Here's where I get uneasy, because the page doesn't visually display this text at any point. At least I hope it doesn't. Turns out I am one of several hundred people using this exact function; they all come up in Search, with the text duly displayed. But only in search results-- whew!-- not in Preview.

One random page I visited apparently checks to see if I've got a particular font that I haven't got, because it showed lots of placeholder-characters. This would seem to be impossible, but it became understandable when I investigated and found we're in a Private Use Area. So the author's eight closest friends see one version of the page, while the rest of us see another. I do not perfectly understand why he bothers to check for a font if he's going to display the same text either way, but never mind that. At least I'm better off than the Google-Preview-Not-A-Robot, because all you see there is a couple of lines of text. And it obviously isn't because g### didn't read-- and execute-- the script ;)

NokiaX2-00/5.0 (08.35) Profile/MIDP-2.1 Configuration/CLDC-1.1 UCWEB/2.0(Java; U; MIDP-2.0; en-us; nokiax2-00) U2/1.0.0 UCBrowser/ U2/1.0.0 Mobile UNTRUSTED/1.0
Hey, I remember UNTRUSTED. It's what started this thread. Can it be that it's just Nokia-speak for "unstable release"? I've met UCweb a handful of times before too. First reaction: the University of California has its own version of the internet now? Well, maybe not. All earlier sightings have come from confidence-inspiring neighborhoods like ChinaCache or Yahoo Cache. It seems to have something to do with cell phones. (See above about translation.)

But I still can't begin to guess why our Indian proxy-user was searching for this particular string. It's not something you'd make up, or type in from memory-- and why search for something if it's already right in front of you?

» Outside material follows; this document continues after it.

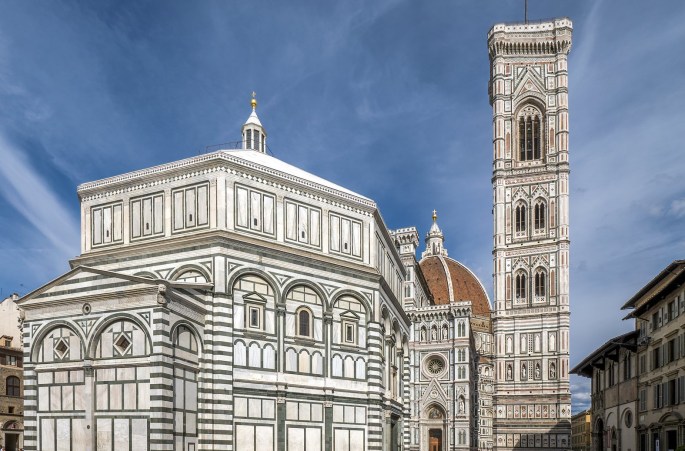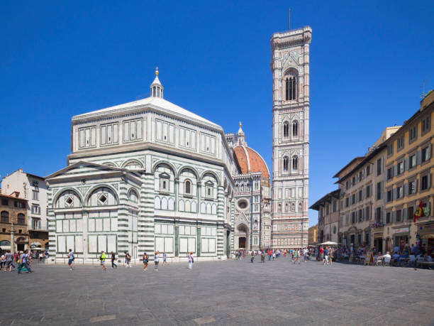 The domed cathedral of Santa Maria del Fiore is also called the Duomo and is the most famous of the buildings at the Duomo Complex .The multicoloured and imposing cathedral is one of the most iconic buildings in Italy. .

The final unsolved mystery is one I almost didn't notice. I've got four or five pages that call the function that uses this string. But /hamlet.html is the only one that comes up in search. At all, I mean. And I can't for the life of me find any difference among the pages, or in their respective preliminary functions. Except that ::cough-cough:: in /hamlet.html the first function is entirely enclosed in a "try/catch" framework, and the others aren't. That can't possibly make a difference to indexing. Uhm. Can it?

:: returning to state of habitual puzzlement ::


 5:36 pm on Jan 20, 2013 (gmt 0)

I show the IP as blocked:
OrgName: PacketExchange, Inc
NetRange: -

and also block
.in as referer. Untrusted might be added as a UA if I were to see it doing naughty things.

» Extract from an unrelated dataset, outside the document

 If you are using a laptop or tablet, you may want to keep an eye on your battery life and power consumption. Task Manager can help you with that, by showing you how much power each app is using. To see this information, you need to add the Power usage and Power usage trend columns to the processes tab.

As to why the search query, my guess would be that he secretly admires the technique you are using and would like to emulate it or is using it as an example somewhere to tutor others(?) Since the result is not visually showing anything 'useful' maybe the idea is to visit the source.(?)


 7:28 pm on Jan 20, 2013 (gmt 0)

Blend27 - I have the range - blocked as a "bot" with the note: "several bot-UA hits but no valid rDNS". This still pertains so any bot from that IP range remains blocked until yahoo gets its act together.

Lucy - I block the complete range under the name PacketExchange.


 7:55 pm on Jan 20, 2013 (gmt 0)

...I block the complete range under the name PacketExchange



 8:27 pm on Jan 20, 2013 (gmt 0)

Blend27 - I have the range - blocked as a "bot" with the note: "several bot-UA hits but no valid rDNS". This still pertains so any bot from that IP range remains blocked until yahoo gets its act together.

I have about 3 dozen IPs with that "NOT Firefox" appended to that standard Slurp UA from 98.137.20[6-7].nnn, they all point to Hnnn.hlfs.bf1.yahoo(.)com [bgp.he.net...] At the same time, and this started on the 20th of Dec/2012 there are hits from 72.30.198.nnn with the same user agent(as well as normal Slurp UA). They also point to Hnnn.hlfs.bf1.yahoo(.)com - [bgp.he.net...] .

I've been allowing for ages.

98.137.20[6-7]... gets the boot for now. IPs from this rage do request the images from the pages they try to crawl(one dynamically generated image URI, logged and matched with a cookie that is generated from the original page request).


 9:02 pm on Jan 20, 2013 (gmt 0)

FWIW since Novenber:

RewriteCond %{REMOTE_ADDR} 98\.13[6-9]\.
RewriteRule \.(jpg|gif|pdf)$ - [NC,F]


 12:41 am on Jan 21, 2013 (gmt 0)

and also block .in as referer

I only do that for .ru and .ua. Oh, and .su which by now exists only in bad referers :) Partial exemption for google dot country -- hypothetical anyway, because in real life they all use yandex. (Further rule here to block robots with boringly predictable yandex referer. But I now recognize the cyrillic for "rat" on sight.)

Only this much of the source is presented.